Not a listhp. One of those bad portmanteau words. Little things in history, any period, 'common knowledge', that really piss you off to an essentially unreasonable extent. Personal bugbears: They were shorter back then. They really F weren't, mostly, certainly not to the extent implied. There are good reasons for lower doorways and smaller beds. OK? They never drank water. Gah! FFS. Etc. People in the past didn't wash. No, they all wandered about with needlessly rotting itching groins etc. because a bit of water was obviously too hard to obtain. I hear all of these on a regular basis while mooching around old sites, overhearing guides etc. I hide behind the camera so they can't see my face... mostly. Yours? (It's in the Barracks, just because.)
That people in the past mostly died at much younger ages than people today. The average life expectancy was hideously low because of epic infant mortality prior to modern medicine, but three-score-years-and-ten wasn't some preposterous fantasy for most. See here for much more detail: Did Ancient People Die Young?

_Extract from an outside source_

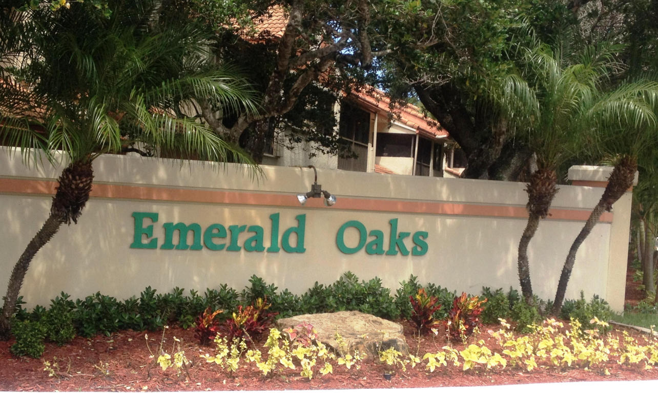 DESIRABLE ALL AGE, PET FRIENDLY, GATED EMERALD OAKS SINGLE STORY TOWNHOUSE/VILLA. NO STAIRS IN THIS ACTUAL 3 BEDROOM, 2 FULL BATH/1 CAR GARAGE CORNER UNIT. PATIO CONVERTED (ALL PERMITTED) TO PLAYROOM & CAN EASILY BE USED AS A TV/MEDIA ROOM, DEN, OR HOME OFFICE. HOME ALSO INCLUDES A LARGE MASTER BEDROOM W/WALK-IN CLOSET & AN EN-SUITE BATHROOM W/DUAL SINKS & SHOWER, EAT-IN KITCHEN W/PANTRY, 2ND FULL BATHROOM W/SHOWER & TUB COMBO, HALL COAT CLOSET (A RARE FIND IN S. FLA), FULL SIZE WASHER & DRYER. HOME IS WELL MAINTAINED & TUCKED BACK IN THE COMMUNITY FOR ADDED PRIVACY. QUIET LOCATION ACROSS FROM LAKE & SHORT WALK TO POOL. ACROSS FROM TY PARK & EASY ACCESS TO I-95. CLOSE TO SHOPPING, MOVIES, DINING & MUCH MORE! ''SQ. FT. OBTAINED FROM COUNTY RECORDS MAY NOT BE ACCURATE''.

Most pirates did not wear eyepatches because they had lost eyes in battle (or to look cool)! See here for the highly probable reason: Why Did Pirates Wear Eye Patches?

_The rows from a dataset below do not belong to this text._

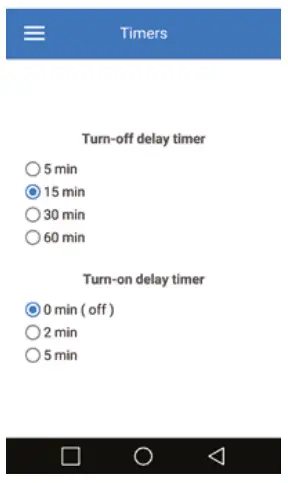 To configure the timers, go to the SettingsTimers menu. Turn-off delay timer is designed to prolong the fan operation in the mode caused by sensor triggering or Boost Mode activation, after sensor threshold values are not exceeded any more. The operating time of the timer may be terminated:
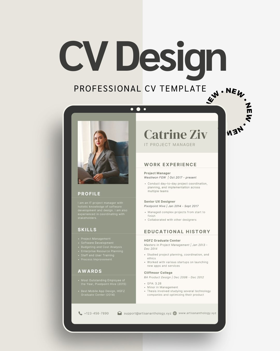 • 1x Modern Professional CV Template (Editable in Canva, Word, Google Docs)
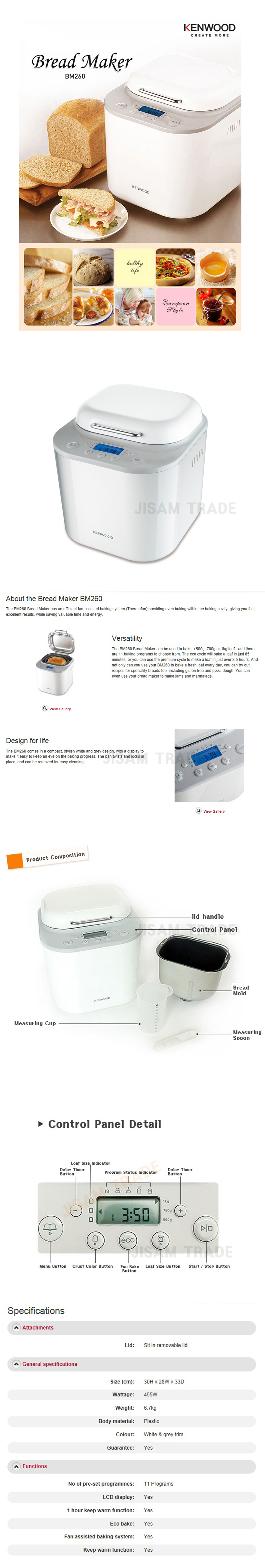 The BM260 Bread Maker can be used to bake a 500g, 700g or 1kg loaf - and there are 11 baking programs to choose from. The eco cycle will bake a loaf in just 85 minutes, or you can use the premium cycle to make a loaf in just over 3.5 hours. And not only can you use your BM260 to bake a fresh loaf every day, you can try out recipes for speciality breads too, including gluten free and pizza dough. You can even use your bread maker to make jams and marmalade.Design for life The BM260 comes in a compact, stylish white and grey design, with a display to make it easy to keep an eye on the baking progress. The pan twists and locks in place, and can be removed for easy cleaning.
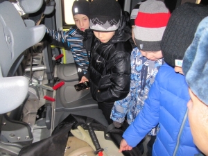 Также школьники побывали на пункте связи пожарной части, куда поступают сообщения о происшествиях в городе. На экскурсии ребята узнали, что пожарные каждый день повышают уровень своего профессионального мастерства: проводят боевое развертывание, подъем по штурмовой лестнице в окно 4-го этажа учебной башни, а также подъем по трехколенной лестнице.
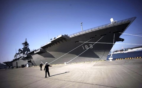| Khu trục hạm Izumo của Nhật Bản đậu tại cảng Yokosuka (Ảnh AP) |

..and of course "Churchill knew Coventry was going to be Blitzed" - I have spent many hours on F-Book arguing with the hard-of-thinking on this one.

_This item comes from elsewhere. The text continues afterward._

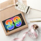 Este divertido e vibrante design de adesivo apresenta um padrão colorido de fogos de artifício comemorativos, juntamente com o número "39" tendo um padrão de gradiente multicolorido inspirado no arco-íris, sobre um fundo de cor preta. Adesivos como este podem ser usados em uma festa comemorando o trigésimo nono aniversário de alguém, ou talvez para o trigésimo nono aniversário de casamento de um casal, ou algum outro evento de número 39.
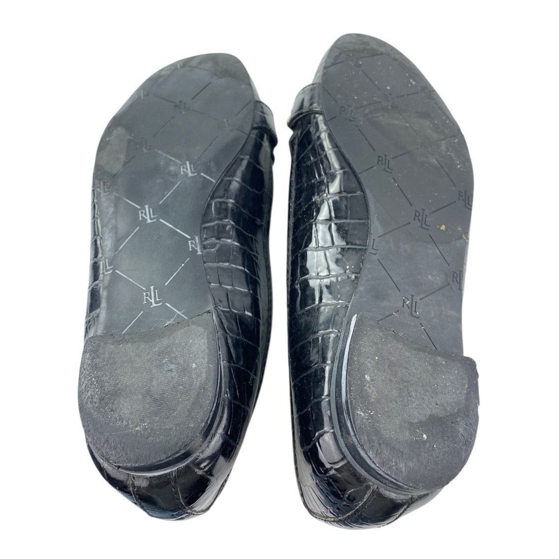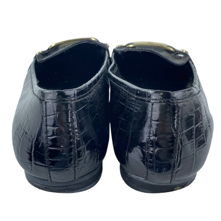 Ralph Lauren Women's Black Gold Logo Croc Leather Chain Slip On Loafers Shoes 6M

GIs throwing an empty M1 clip on the ground so that Germans would poke their heads up. I was shouting at the TV when Dr WIlliam Atwater trotted that one out again
Fully armoured soldiers couldn't move easily. What, precisely, would be the F-ing point of that? Grrr.
Got around to this video from a few years back. Couple of proper nerds digging in over a drink. Very very good on assorted Firearms bullshit. Nudges towards the printed origin of 'Garand ping' arsery in first myth.
WWII myths that frustrate me: The idea that the Tetrarch was designed from the outset as an airborne tank and "Britain stood alone" in 1940. One from much later: during the Iranian embassy siege in 1980, council workmen or army engineers (accounts vary) removed bricks from a wall to provide the SAS with an entry point.